Question: How to get the solution provided in the linked post (or any other solution) running, so that a Kotlin project with Gradle's Kotlin DSL can be compiled using a Java 9/10 environment?

This is kind of a self-answer (I do not full understand that matter, so the explanations might not be correct). The conclusions I draw here are purely empiric and based on a conversion from Kotlin DSL to Gradle's Groovy and back.

The first problem I encountered was that I had two conflicting providers for the Kotlin functions in:

  implementation(kotlin("stdlib", kotlin_version))
  implementation(kotlin("runtime", kotlin_version))

I solved that by deciding to go with stdlib . All other dependencies did not conflict with each other.

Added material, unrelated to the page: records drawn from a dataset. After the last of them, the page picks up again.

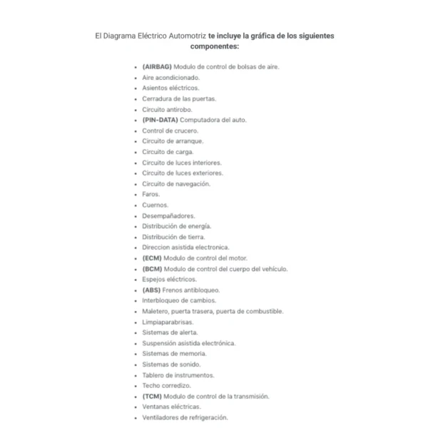 El Diagrama Eléctrico Automotriz te incluye la gráfica de los siguientes componentes: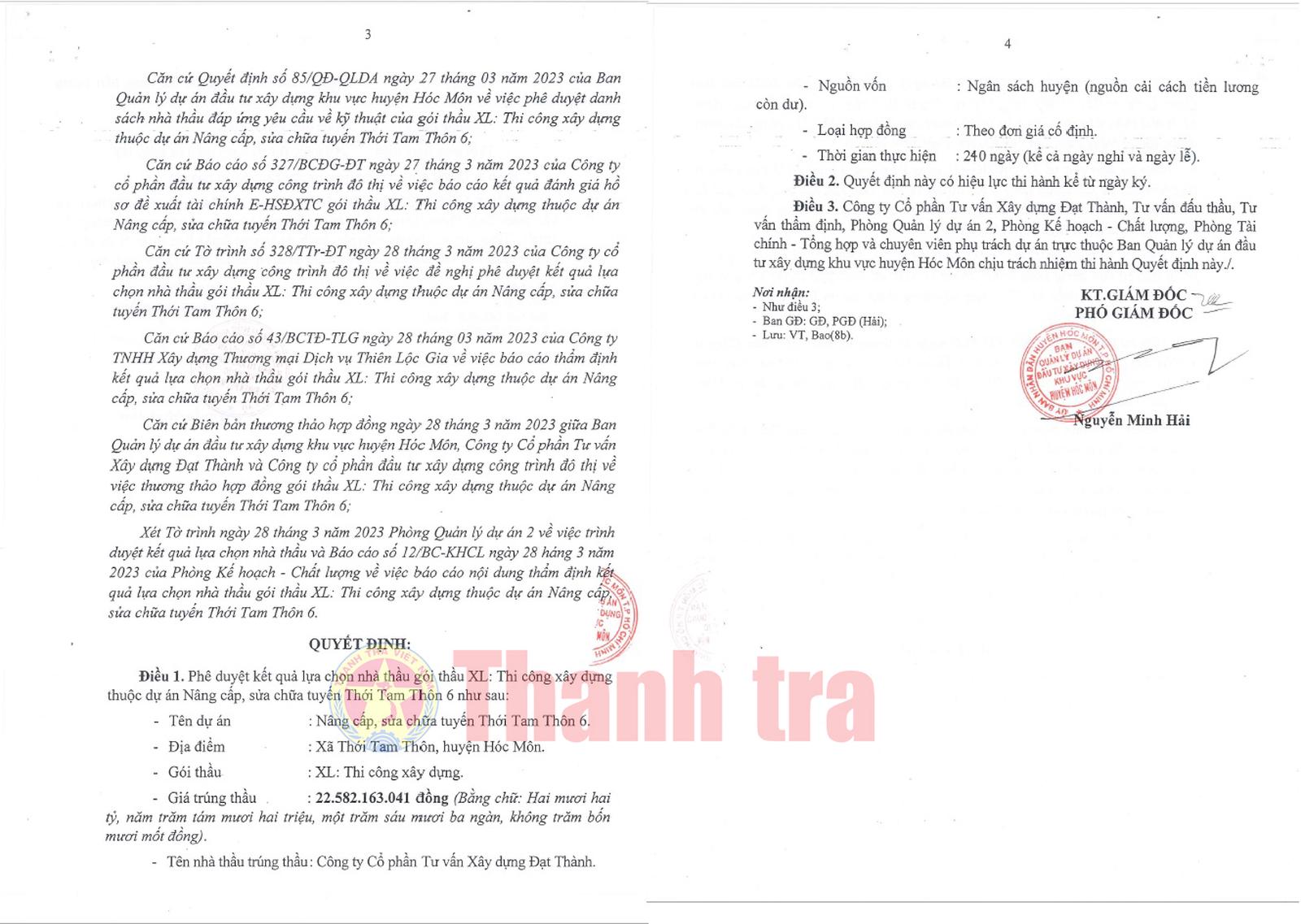 Ngày 28/3/2023, ông Nguyễn Minh Hải - Phó Giám đốc BQLDA huyện Hóc Môn đã ký quyết định phê duyệt công ty này trúng thầu với giá trúng thầu là hơn 22,582 tỷ đồng (giá gói thầu là hơn 22,639 tỷ đồng); tiết kiệm ngân sách Nhà nước được hơn 57 triệu đồng, tương đương 0,25% giá gói thầu.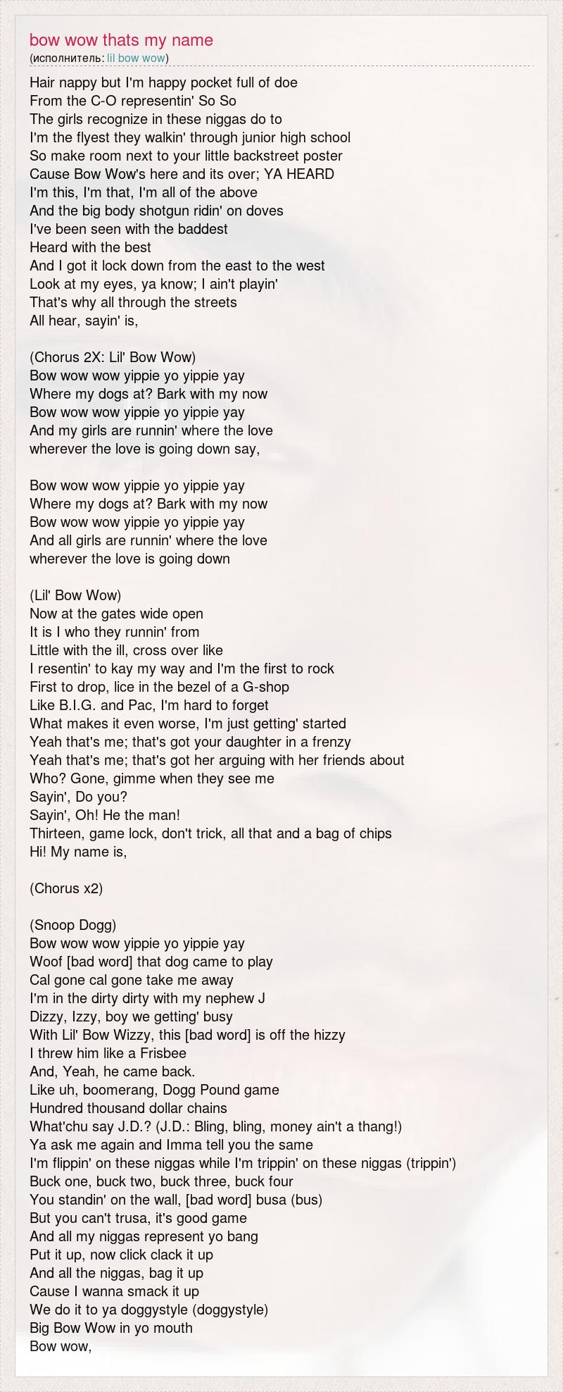 Hair nappy but I'm happy pocket full of doe From the C-O representin' So So The girls recognize in these niggas do to I'm the flyest they walkin' through junior high school So make room next to your little backstreet poster Cause Bow Wow's here and its over; YA HEARD I'm this, I'm that, I'm all of the above And the big body shotgun ridin' on doves I've been seen with the baddest Heard with the best And I got it lock down from the east to the west Look at my eyes, ya know; I ain't playin' That's why all through the streets All hear, sayin' is, (Chorus 2X: Lil' Bow Wow) Bow wow wow yippie yo yippie yay Where my dogs at? Bark with my now Bow wow wow yippie yo yippie yay And my girls are runnin' where the love wherever the love is going down say, Bow wow wow yippie yo yippie yay Where my dogs at? Bark with my now Bow wow wow yippie yo yippie yay And all girls are runnin' where the love wherever the love is going down (Lil' Bow Wow) Now at the gates wide open It is I who they runnin' from Little with the ill, cross over like I resentin' to kay my way and I'm the first to rock First to drop, lice in the bezel of a G-shop Like B.I.G. and Pac, I'm hard to forget What makes it even worse, I'm just getting' started Yeah that's me; that's got your daughter in a frenzy Yeah that's me; that's got her arguing with her friends about Who? Gone, gimme when they see me Sayin', Do you? Sayin', Oh! He the man! Thirteen, game lock, don't trick, all that and a bag of chips Hi! My name is, (Chorus x2) (Snoop Dogg) Bow wow wow yippie yo yippie yay Woof [bad word] that dog came to play Cal gone cal gone take me away I'm in the dirty dirty with my nephew J Dizzy, Izzy, boy we getting' busy With Lil' Bow Wizzy, this [bad word] is off the hizzy I threw him like a Frisbee And, Yeah, he came back. Like uh, boomerang, Dogg Pound game Hundred thousand dollar chains What'chu say J.D.? (J.D.: Bling, bling, money ain't a thang!) Ya ask me again and Imma tell you the same I'm flippin' on these niggas while I'm trippin' on these niggas (trippin') Buck one, buck two, buck three, buck four You standin' on the wall, [bad word] busa (bus) But you can't trusa, it's good game And all my niggas represent yo bang Put it up, now click clack it up And all the niggas, bag it up Cause I wanna smack it up We do it to ya doggystyle (doggystyle) Big Bow Wow in yo mouth Bow wow,

The more severe problem was something different: The compileJava task did not find the correct classes (from the project) and modules (from the distribution). Therefore I needed to adapt the paths as in the following example:

val compileKotlin: KotlinCompile by tasks
val compileJava: JavaCompile by tasks
compileJava.destinationDir = compileKotlin.destinationDir

This basically compiles the Java classes within Kotlins compiled output and makes Java find the classes from the project.

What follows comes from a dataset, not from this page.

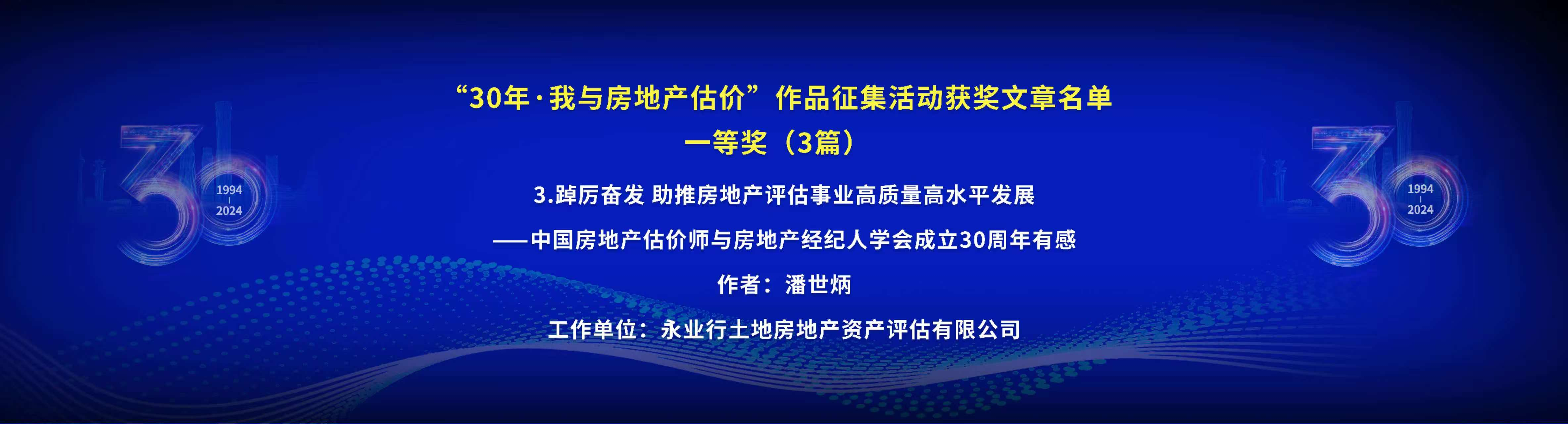 在同期开展的“30 年・我与房地产估价”永业行征集活动中,永业行积极响应并踊跃投稿,喜获佳绩,提报的四篇论文全部入选《中国房地产估价 30 年文集(征文)》。其中,由永业行党委书记、董事长潘世炳撰写的《踔厉奋发 助推房地产评估事业高质量高水平发展 —— 中国房地产估价师与房地产经纪人学会成立 30 周年有感》荣获一等奖。文中不仅回顾了房地产估价行业从萌芽到发展壮大的艰辛历程,更展望了未来通过深化创新、加速数字化转型以及强化内部治理等举措,推动行业持续繁荣的美好愿景,字里行间洋溢着对行业的深厚情感与坚定信心。

The last problem could finally be solved by the following non-idiomatic piece of Kotlin Script:

tasks {
  "compileJava" {
    dependsOn(":compileKotlin")
    if (JavaVersion.current() >= JavaVersion.VERSION_1_9) {
      inputs.property("moduleName", ext["moduleName"])
      doFirst {
        compileJava.options.compilerArgs = listOf(
            // include Gradle dependencies as modules
            "--module-path", java.sourceSets["main"].compileClasspath.asPath,
        )
        java.sourceSets["main"].compileClasspath = files()
      }
    }
  }
}

This basically lets the compileJava task use an empty classpath and sets module path as compiler option to the currently set compileClasspath of the main source set (the Kotlin source set which is also added as Java source set).